DID JESUS HAVE A HAIRPIECE?

DID JESUS WEAR LONG HAIR? Should whites marry Negroes? How Red is the National Council of Churches? These grave matters and myriad other spinoffs of social dislocation are confronted each evening on a program called “Pray for America,” out of Riverview, Fla., by way of Station XEG in Monterey. A little apocalypse music, please:

“If a man has long hair, it is a shame—the Bible documents it! The mark of the effeminate! A woman’s hair must be long enough to proclaim the glory of God, and a man’s must be short enough to prove he’s not a woman…Listen, these styles were started by dope addicts, perverts, draft-dodgers, and riffraff hippie cowards! Please believe me, the Reds think that if they can kill the national pride and patriotism of just one generation, by making readily available to them drugs, by praising their wildness, by strangling them with sex literature, they can destroy the whole nation. Now wouldn’t you love to have a copy of this? Write to us asking for Package No. 11 and, we’ll send it to you.”
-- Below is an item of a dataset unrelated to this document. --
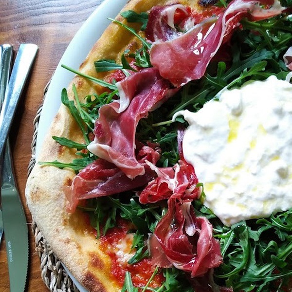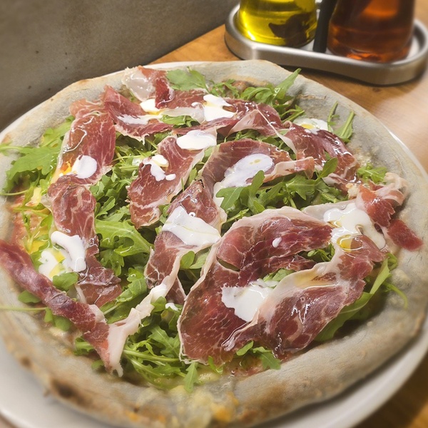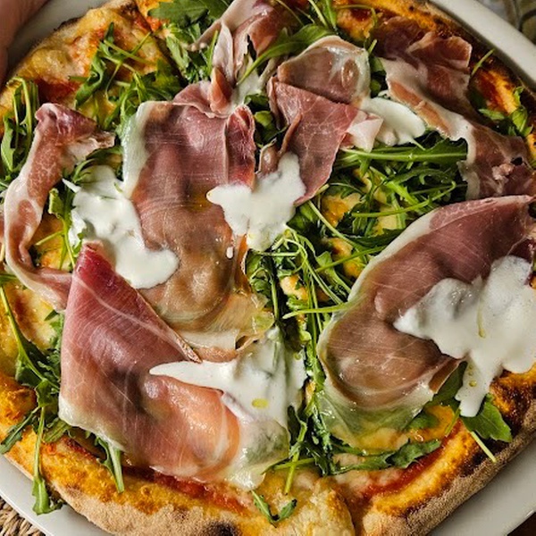 - Ibérica: salsa de tomate, mozzarella, jamón ibérico, rúcula y crema de burrata

PASTOR EPLEY: HOLY SPIRIT, TINGLING FLESH

AN EVANGELIST IS ONLY AS irresistible as the viscera he is willing to provoke, and Brother David Epley of St. Louis, Mo., (and XERF, Villa Acuna) massages the tender sensibilities of his flock with equal parts of pop music, prophecy and quivering sensuality.

Epley plugs “one of the great songs on our new album, the Many Moods of Pastor Epley,” ($5 postpaid), then gets right down to it in a manner reminiscent of Mick Jagger:

“Have you ever had the spirit of the Lord wake you at the midnight hour and begin to talk to you…when you felt the presence of another, so close to heaven you almost hear the fluttering of the angel’s wings? I was walking up and down the aisles of the big Henry Ford Auditorium in Detroit, led by the Holy Spirit, and I felt my flesh tingling, felt the spirit reach down and anoint my eyes with holy eye salve…

“I could see beyond the flesh, beyond the spirit…Lady sitting way back there, come on down here, honey, the spirit is moving on me for you. Come down and let me wash your eyes. You’ve been praying for a spiritual touch, a spiritual anointing, and tonight you’re gonna get a double anointing—we call it Elijah’s Double Potion. A letter from me to you has had you all stirred up, hasn’t it? Now get out your little blue wallet and I’ll bless your wallet financially. And I’m going to wash your eyes with this water from the pool of Ceylon, and you’re gonna feel Elijah’s Double Potion come upon you…” Then there is only the sound of applause mixed with squeals of fear and delight.